What to work on:
Lines before the one containing "A. 국내에선 아직 국내용" are not wanted; restate the rest below word for word, through the last line, but drop any pictures.

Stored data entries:
------------

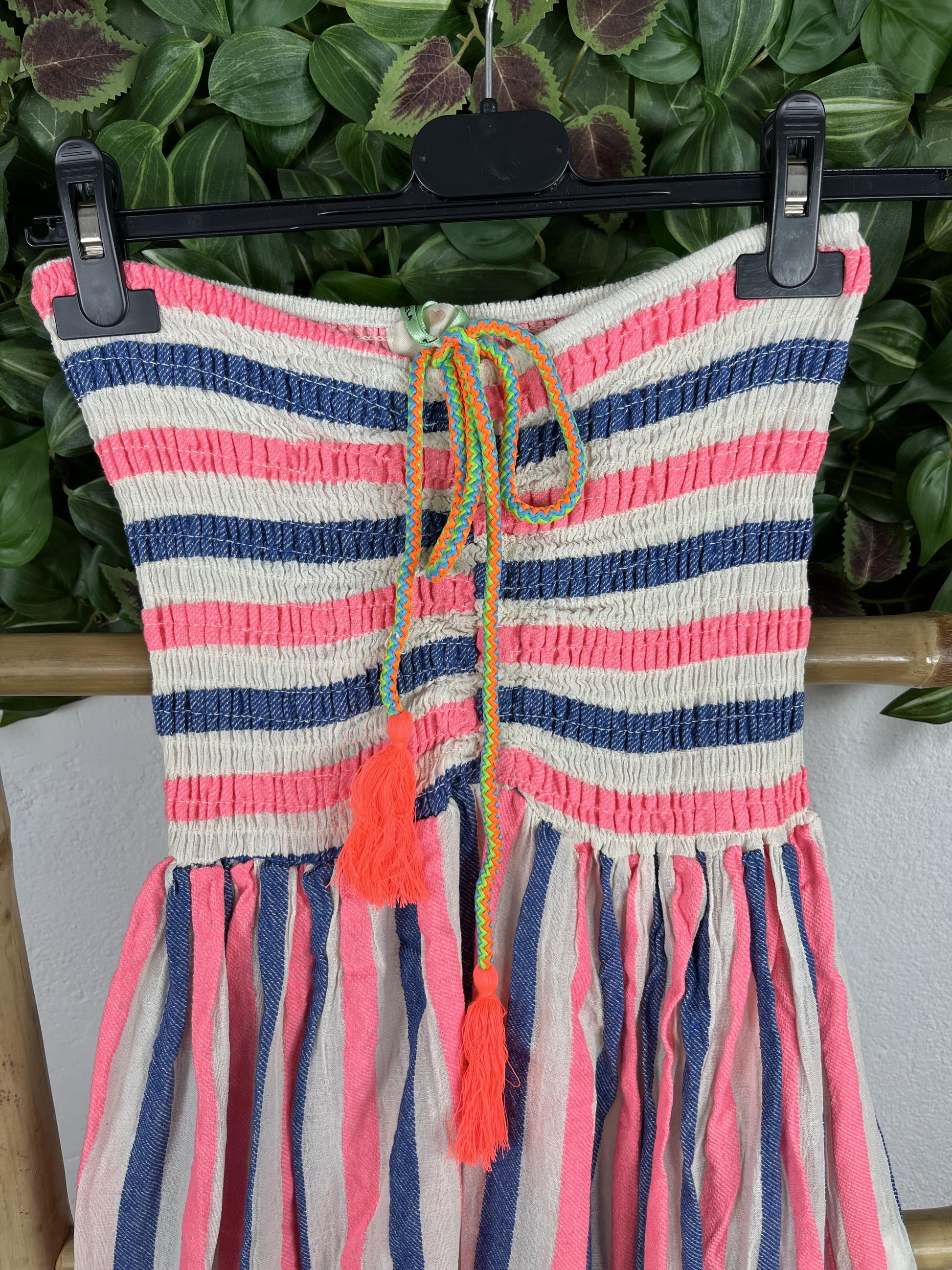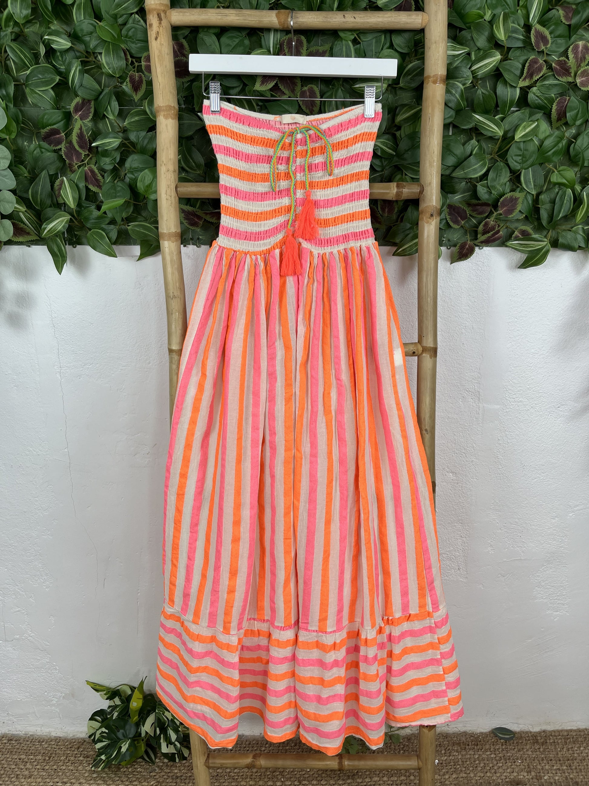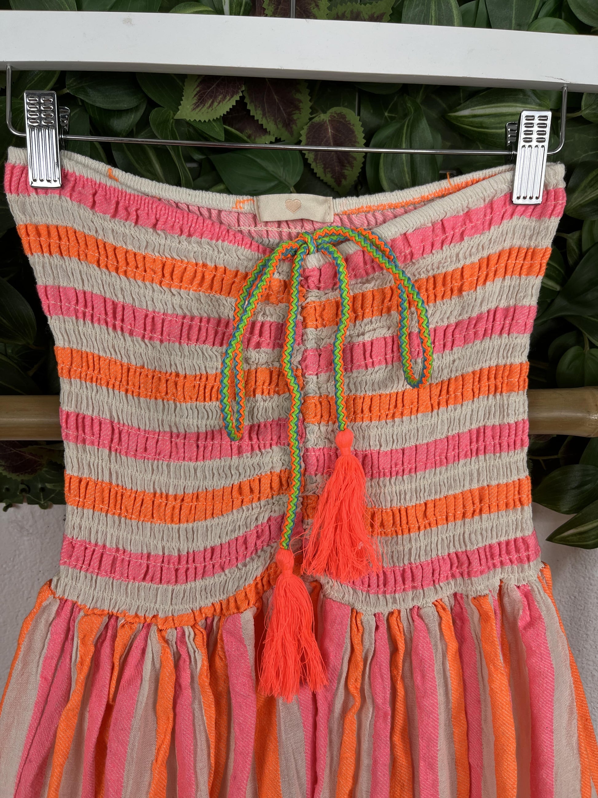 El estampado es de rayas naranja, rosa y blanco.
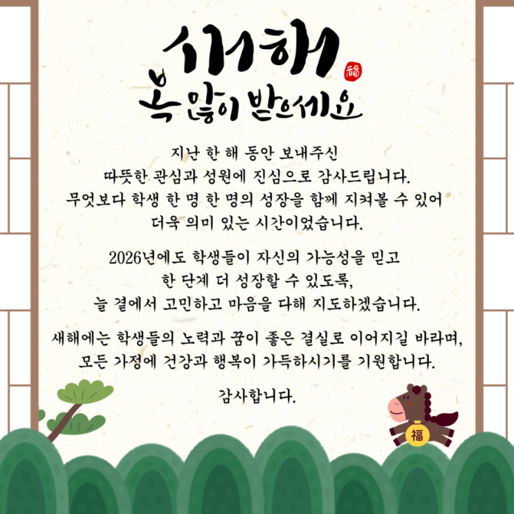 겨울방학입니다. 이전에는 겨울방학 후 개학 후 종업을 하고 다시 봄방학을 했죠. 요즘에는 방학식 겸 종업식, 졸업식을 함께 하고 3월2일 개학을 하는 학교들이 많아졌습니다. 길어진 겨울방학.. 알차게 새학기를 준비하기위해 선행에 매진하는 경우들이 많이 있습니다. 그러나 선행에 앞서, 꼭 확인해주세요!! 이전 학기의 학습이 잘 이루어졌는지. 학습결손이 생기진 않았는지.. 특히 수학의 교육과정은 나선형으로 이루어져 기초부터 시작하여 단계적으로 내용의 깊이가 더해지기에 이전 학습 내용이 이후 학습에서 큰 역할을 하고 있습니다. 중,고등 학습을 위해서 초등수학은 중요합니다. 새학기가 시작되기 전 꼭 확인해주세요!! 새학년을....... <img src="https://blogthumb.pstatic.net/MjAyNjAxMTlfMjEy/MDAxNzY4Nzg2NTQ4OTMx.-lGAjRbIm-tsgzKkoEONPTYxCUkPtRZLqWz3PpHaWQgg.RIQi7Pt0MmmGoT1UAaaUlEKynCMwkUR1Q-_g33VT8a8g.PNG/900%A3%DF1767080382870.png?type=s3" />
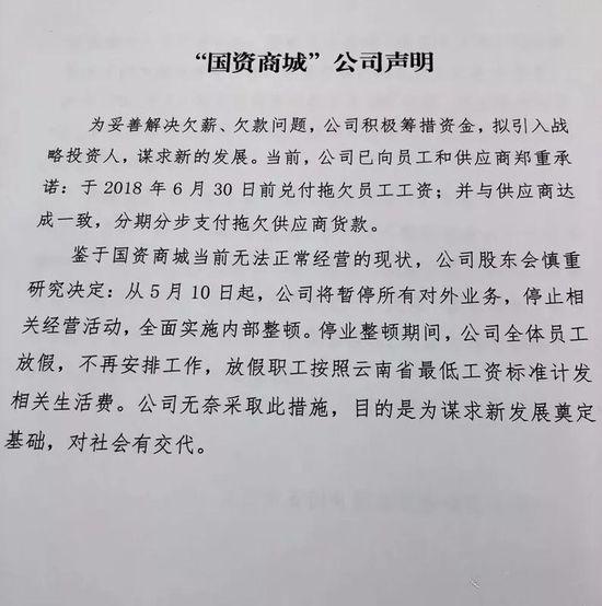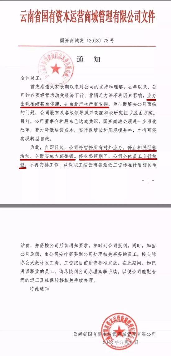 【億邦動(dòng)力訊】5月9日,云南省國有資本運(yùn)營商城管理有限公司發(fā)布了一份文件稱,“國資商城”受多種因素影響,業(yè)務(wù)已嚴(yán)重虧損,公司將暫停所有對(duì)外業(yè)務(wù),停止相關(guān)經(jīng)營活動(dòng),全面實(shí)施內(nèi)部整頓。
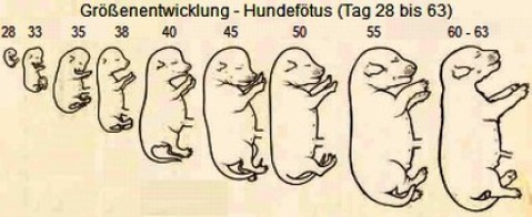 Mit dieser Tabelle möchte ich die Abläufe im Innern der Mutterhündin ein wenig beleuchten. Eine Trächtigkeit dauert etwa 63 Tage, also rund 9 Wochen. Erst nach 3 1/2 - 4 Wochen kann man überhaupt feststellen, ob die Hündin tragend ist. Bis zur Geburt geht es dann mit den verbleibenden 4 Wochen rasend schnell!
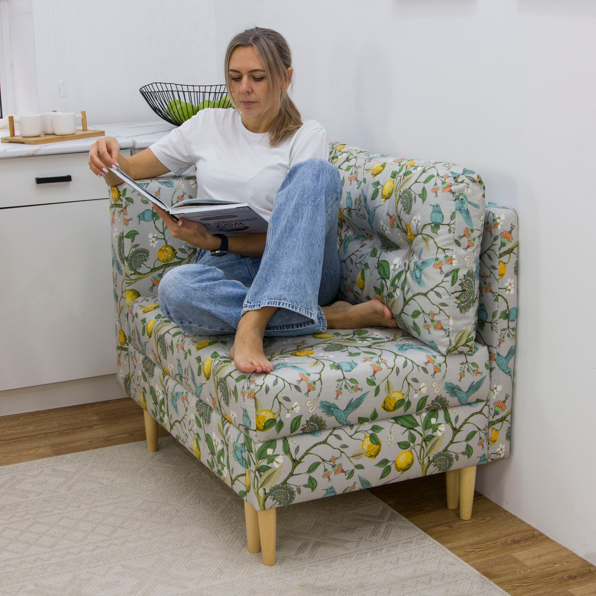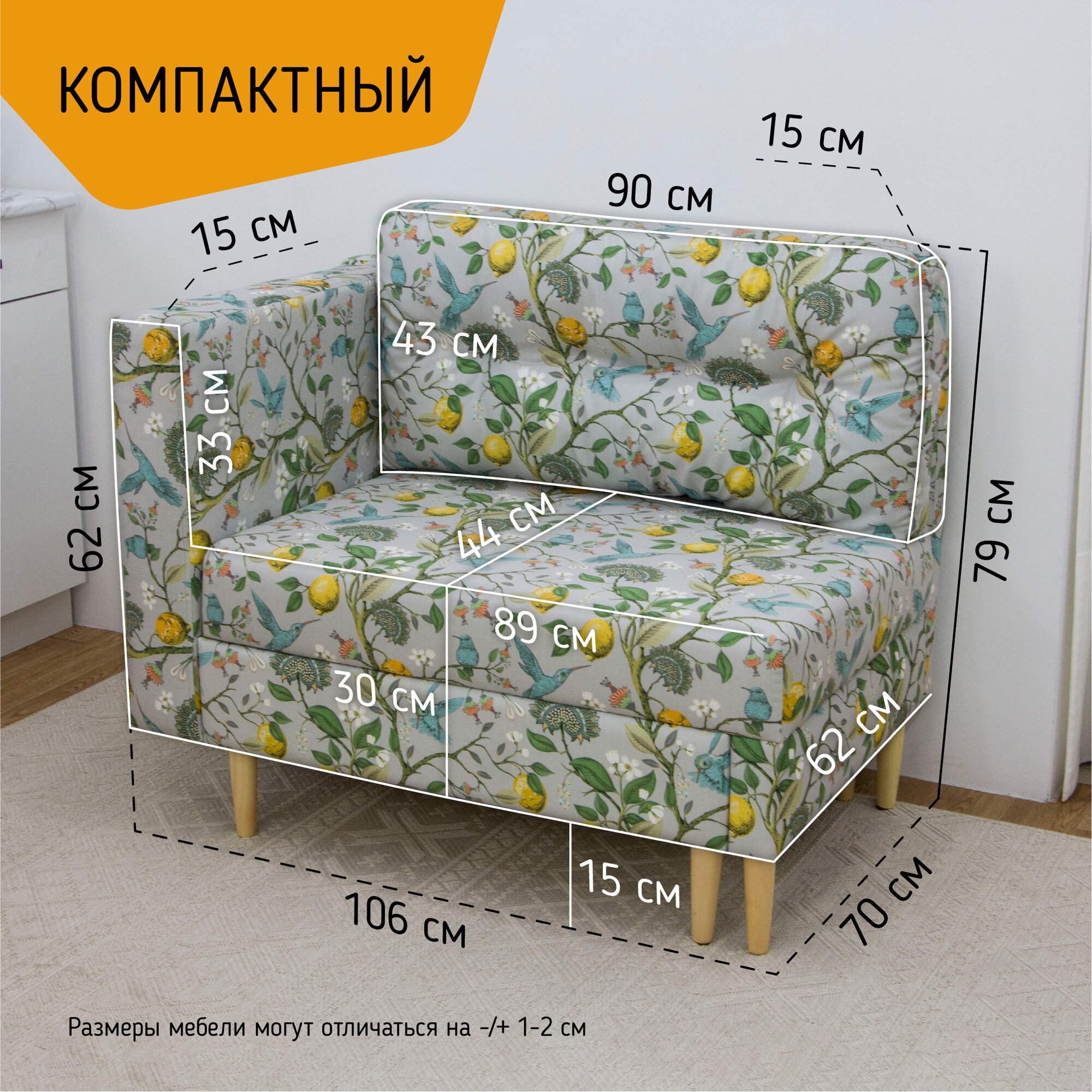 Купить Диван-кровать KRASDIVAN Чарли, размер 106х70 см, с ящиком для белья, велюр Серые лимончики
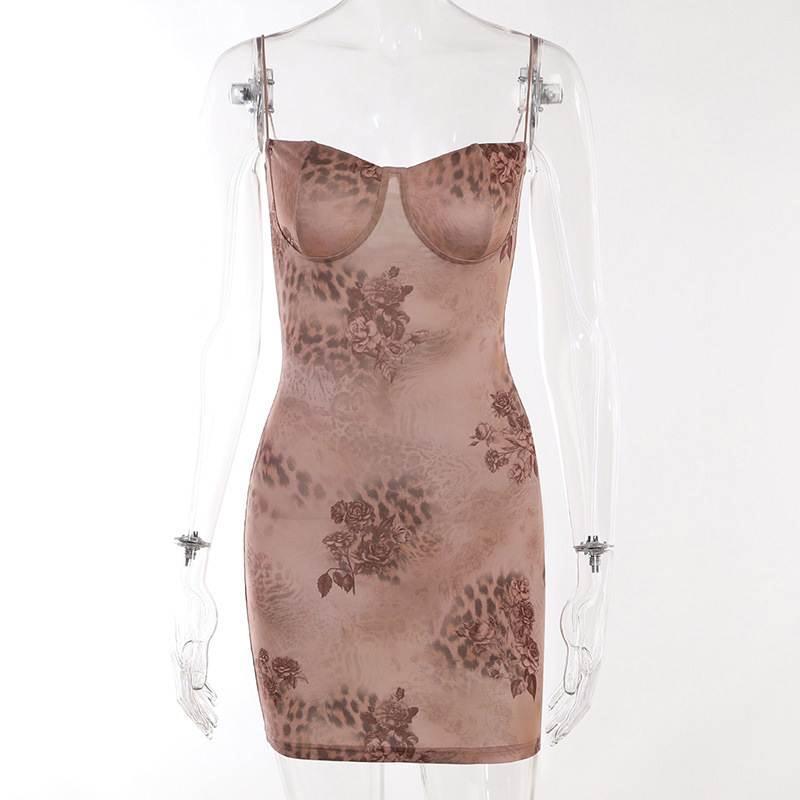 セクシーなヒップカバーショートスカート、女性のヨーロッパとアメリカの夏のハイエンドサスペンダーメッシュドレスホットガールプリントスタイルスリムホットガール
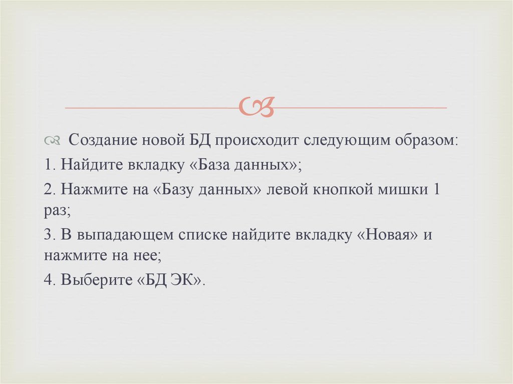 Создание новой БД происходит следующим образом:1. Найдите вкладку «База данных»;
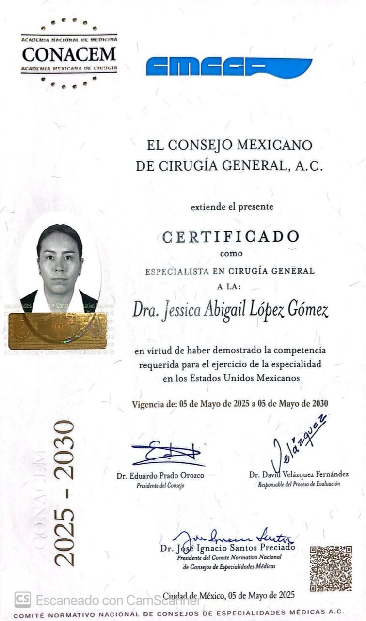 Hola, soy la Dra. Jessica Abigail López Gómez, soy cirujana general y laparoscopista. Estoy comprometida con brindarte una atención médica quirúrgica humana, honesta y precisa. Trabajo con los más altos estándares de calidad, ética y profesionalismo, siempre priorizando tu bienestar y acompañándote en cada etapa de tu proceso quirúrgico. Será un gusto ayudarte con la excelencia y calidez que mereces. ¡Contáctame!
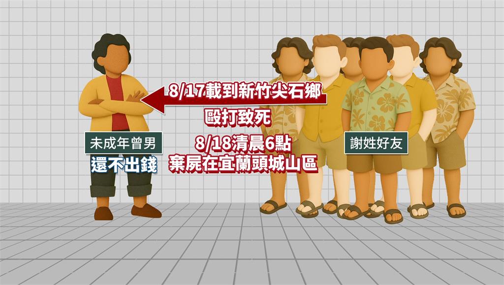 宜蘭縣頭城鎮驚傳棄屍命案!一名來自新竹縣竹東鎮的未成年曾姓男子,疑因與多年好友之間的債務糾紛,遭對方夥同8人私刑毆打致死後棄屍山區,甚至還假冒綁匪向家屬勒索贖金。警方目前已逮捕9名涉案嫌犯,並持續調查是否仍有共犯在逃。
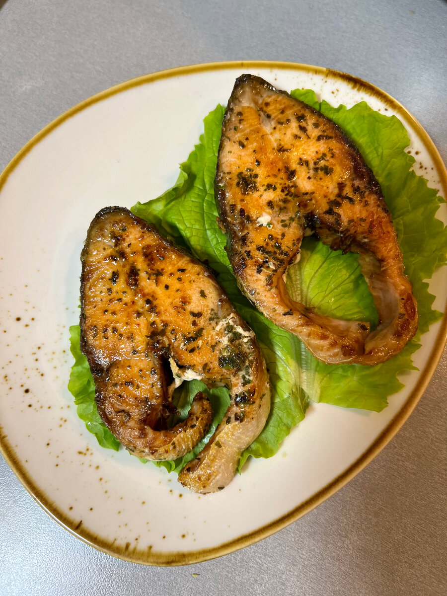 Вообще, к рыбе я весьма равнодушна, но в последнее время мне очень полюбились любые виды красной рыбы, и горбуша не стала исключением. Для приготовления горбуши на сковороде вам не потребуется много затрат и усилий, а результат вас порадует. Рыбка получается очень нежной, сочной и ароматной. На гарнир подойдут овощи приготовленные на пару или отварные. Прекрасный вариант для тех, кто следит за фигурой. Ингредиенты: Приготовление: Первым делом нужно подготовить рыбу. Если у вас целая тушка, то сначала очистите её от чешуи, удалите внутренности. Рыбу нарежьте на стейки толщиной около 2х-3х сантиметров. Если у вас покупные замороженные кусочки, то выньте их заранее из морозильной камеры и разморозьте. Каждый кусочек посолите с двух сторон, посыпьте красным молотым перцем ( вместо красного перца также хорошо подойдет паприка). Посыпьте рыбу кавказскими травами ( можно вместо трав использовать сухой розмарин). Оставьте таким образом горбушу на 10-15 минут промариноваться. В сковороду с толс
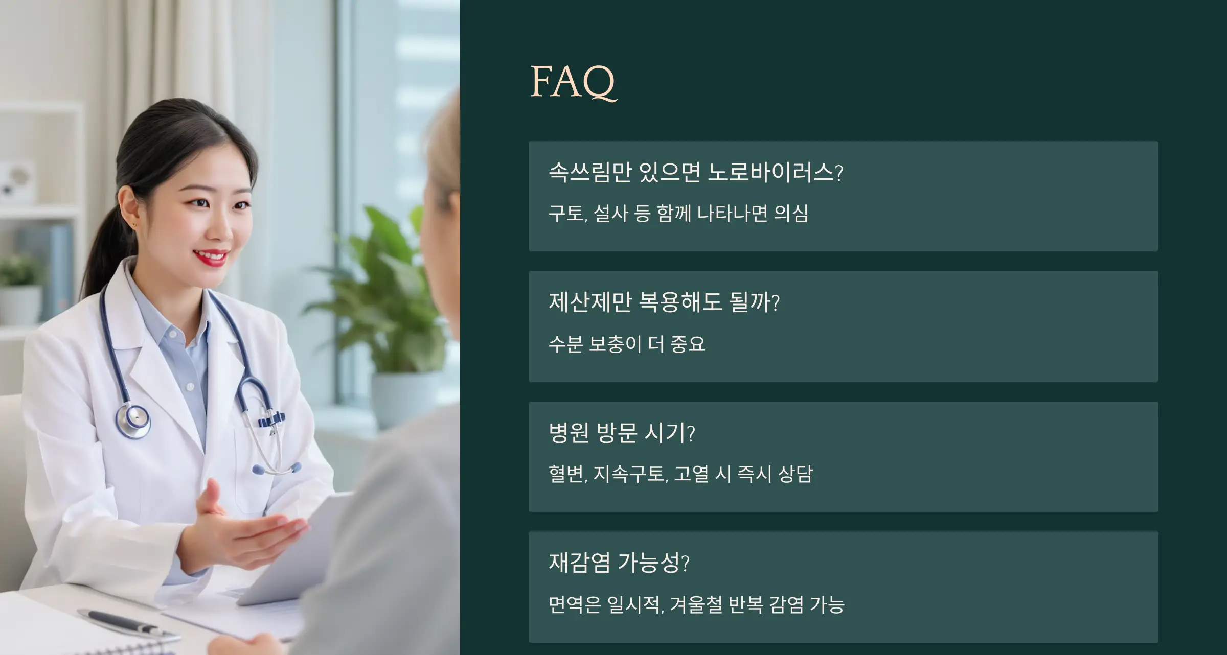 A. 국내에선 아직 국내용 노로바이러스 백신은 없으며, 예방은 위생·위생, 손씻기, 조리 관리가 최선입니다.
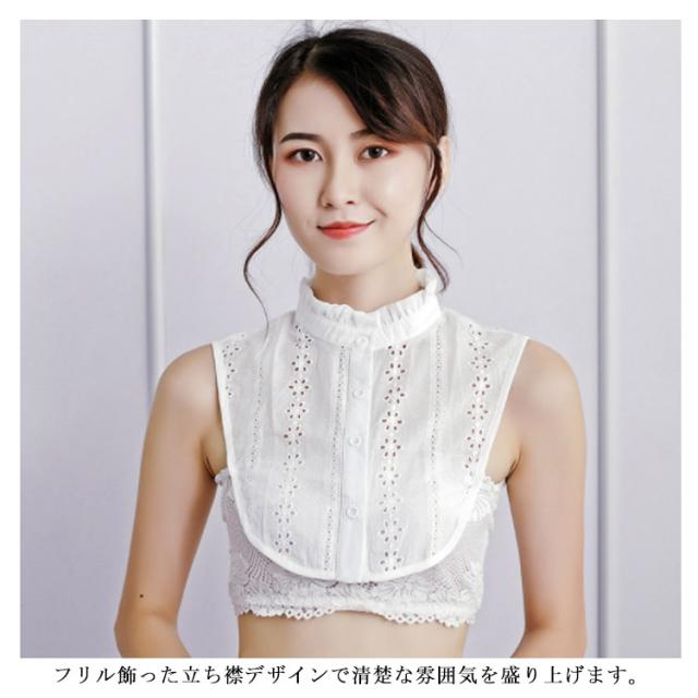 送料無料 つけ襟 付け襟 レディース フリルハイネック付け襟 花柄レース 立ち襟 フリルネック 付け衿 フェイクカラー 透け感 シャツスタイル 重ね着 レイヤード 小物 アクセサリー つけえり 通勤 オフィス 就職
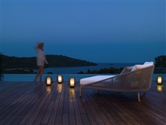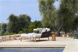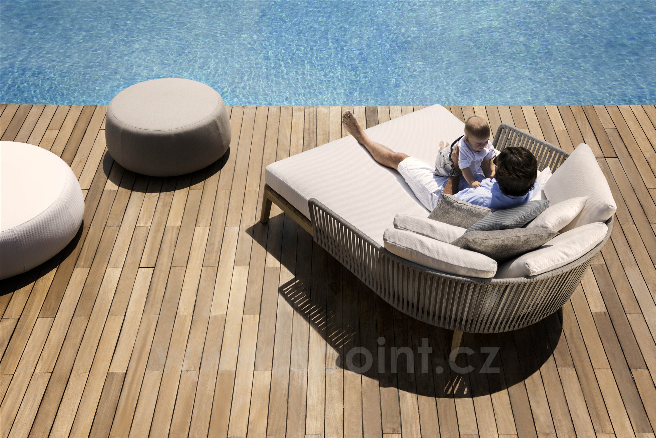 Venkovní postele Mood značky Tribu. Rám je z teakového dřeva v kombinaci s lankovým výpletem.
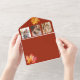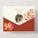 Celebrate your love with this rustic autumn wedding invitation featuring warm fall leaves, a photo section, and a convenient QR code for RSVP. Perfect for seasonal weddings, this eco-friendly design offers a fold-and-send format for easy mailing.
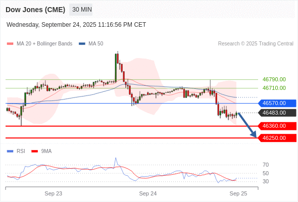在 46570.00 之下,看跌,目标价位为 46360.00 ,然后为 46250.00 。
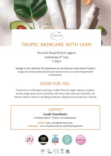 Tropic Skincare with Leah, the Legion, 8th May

------------

Written response:
 A. 국내에선 아직 국내용 노로바이러스 백신은 없으며, 예방은 위생·위생, 손씻기, 조리 관리가 최선입니다.
 送料無料 つけ襟 付け襟 レディース フリルハイネック付け襟 花柄レース 立ち襟 フリルネック 付け衿 フェイクカラー 透け感 シャツスタイル 重ね着 レイヤード 小物 アクセサリー つけえり 通勤 オフィス 就職
 Venkovní postele Mood značky Tribu. Rám je z teakového dřeva v kombinaci s lankovým výpletem.
 Celebrate your love with this rustic autumn wedding invitation featuring warm fall leaves, a photo section, and a convenient QR code for RSVP. Perfect for seasonal weddings, this eco-friendly design offers a fold-and-send format for easy mailing.
在 46570.00 之下,看跌,目标价位为 46360.00 ,然后为 46250.00 。
 Tropic Skincare with Leah, the Legion, 8th May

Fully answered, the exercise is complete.